Las manecillas de los cuatro mil relojes eléctricos de las cuatro mil salas del Centro de Blomsbury señalaban las dos y veintisiete minutos. La «industriosa colmena», como el director se complacía en llamarlo, se hallaba en plena fiebre de trabajo. Todo el mundo estaba atareado, todo se movía ordenadamente. Bajo los microscopios, agitando furiosamente sus largas colas, los espermatozoos penetraban de cabeza dentro de los óvulos, y fertilizados, los óvulos crecían, se dividían, o bien, bokanovskificados, echaban brotes y constituían poblaciones enteras de embriones. Desde la Sala de Predestinación Social las cintas sin fin bajaban al sótano, y allí, en la penumbra escarlata, calientes, cociéndose sobre su almohada de peritoneo y ahítos de sucedáneo de la sangre y de hormonas, los fetos crecían, o bien, envenenados, languidecían hasta convertirse en futuros Epsilones. Con un débil zumbido los estantes móviles reptaban imperceptiblemente, semana tras semana, hacia donde, en la Sala de Decantación, los niños recién desenfrascados exhalaban su primer gemido de horror y sorpresa.

Las dínamos jadeaban en el subsótano, y los ascensores subían y bajaban. En los once pisos de las Guarderías era la hora de comer. Mil ochocientos niños, cuidadosamente etiquetados, extraían, simultáneamente, de mil ochocientos biberones, su medio litro de secreción externa pasteurizada.

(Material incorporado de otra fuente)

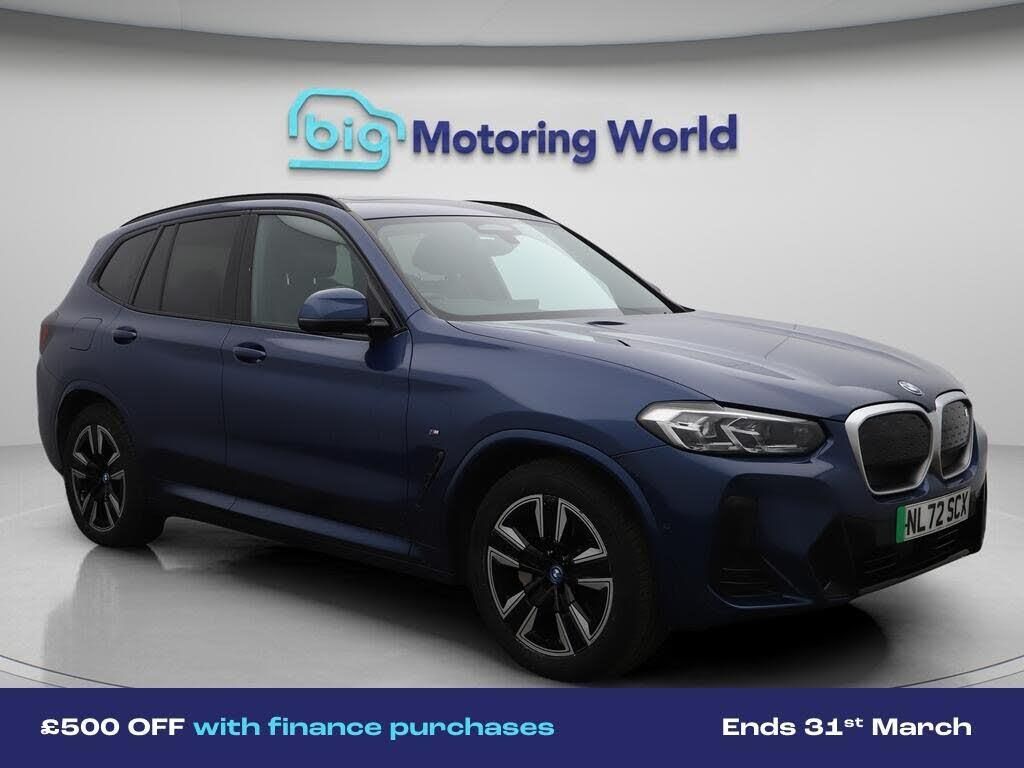 £500 towards your finance depo-Our BMW iX3 is finished in Blue. Specification includes a range of fantastic features including £500 towards your finance deposit, Panoramic Roof, Sun Protection Pack, 19'' Alloy wheels, Leather Seats, Apple CarPlay, Adaptive Cruise Control, Electric Seats, Harman Kardon Speakers, Electric Panoramic Roof Specification information is supplied by CAPHPI and may vary to the actual car. This data does not form any part of a buying contact. Please check specification prior to purchase in-store. The MOT is valid until November 2026, visit bigmotoringworld.co.uk for more photos, a 360 tour, service history and a free HPI report.Were BIG on peace of mind and this Blue BMW iX3 has completed our comprehensive 200 point inspection and passed all checks. Its ready for you to drive away with immediate collection in-store. We include a 90-day warranty as standard plus an option to extend for up to 3 years.Reserve this car exclusively for you, safely and securely at bigmotoringworld.co.uk, with a fully refundable £99 deposit. Test drive before you buy, with no commitment, no hassle and a completely haggle free experience. Still searching and want to see thousands more cars? We are BIG on choice with over 8000 cars to choose from.Visit our award winning web site bigmotoringworld.co.uk.Were Big Motoring World and were BIG on what matters to you.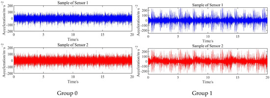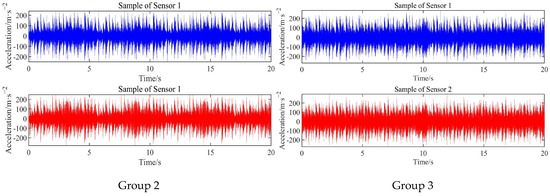Taking Experiment Groups 0 to 4 as examples, the vibration signals collected by the vibration acceleration sensors under different working conditions are illustrated within the time domain, as shown in Figure 2. The horizontal axis represents the sampling time, while the vertical axis represents the acceleration. An observation of the signal variations from Experiment Groups 0 to 4 clearly indicates a gradual increase in vibration signals with the increase in feeding rate. To further analyze the trend in vibration signals collected from each experimental group, certain features were extracted from the time-domain signals, including the mean, peak-to-peak value, standard deviation, and RMS. These features provide more detailed insights into the temporal variations in the vibration signals. The time-domain feature parameters of the vibration signals collected by Sensor 1 and Sensor 2 are listed in Table 4. From Table 4, it is evident that in each experimental group, the peak-to-peak value, standard deviation, and RMS of Sensor 2 are consistently significantly greater than Sensor 1. This indicates that the intensity of the vibration signal measured at Sensor 2 is always greater than that at Sensor 1 under the same conditions. This discrepancy is attributed to Sensor 2 being closer to the active axis of the conveyor, resulting in larger vibration displacements and consequently higher vibration signal intensities. Such differences need to be taken into account in data analysis to ensure that the specific sensor installation positions are considered when interpreting changes.

Más arriba, en las diez plantas sucesivas destinadas a dormitorios, los niños y niñas que todavía eran lo bastante pequeños para necesitar una siesta, se hallaban tan atareados como todo el mundo, aunque ellos no lo sabían, escuchando inconscientemente las lecciones hipnopédicas de higiene y sociabilidad, de conciencia de clases y de vida erótica. Y más arriba aún, había las salas de juego, donde, por ser un día lluvioso, novecientos niños un poco mayores se divertían jugando con ladrillos, modelando con ladrillos, modelando con arcilla, o dedicándose a jugar al escondite o a los corrientes juegos eróticos.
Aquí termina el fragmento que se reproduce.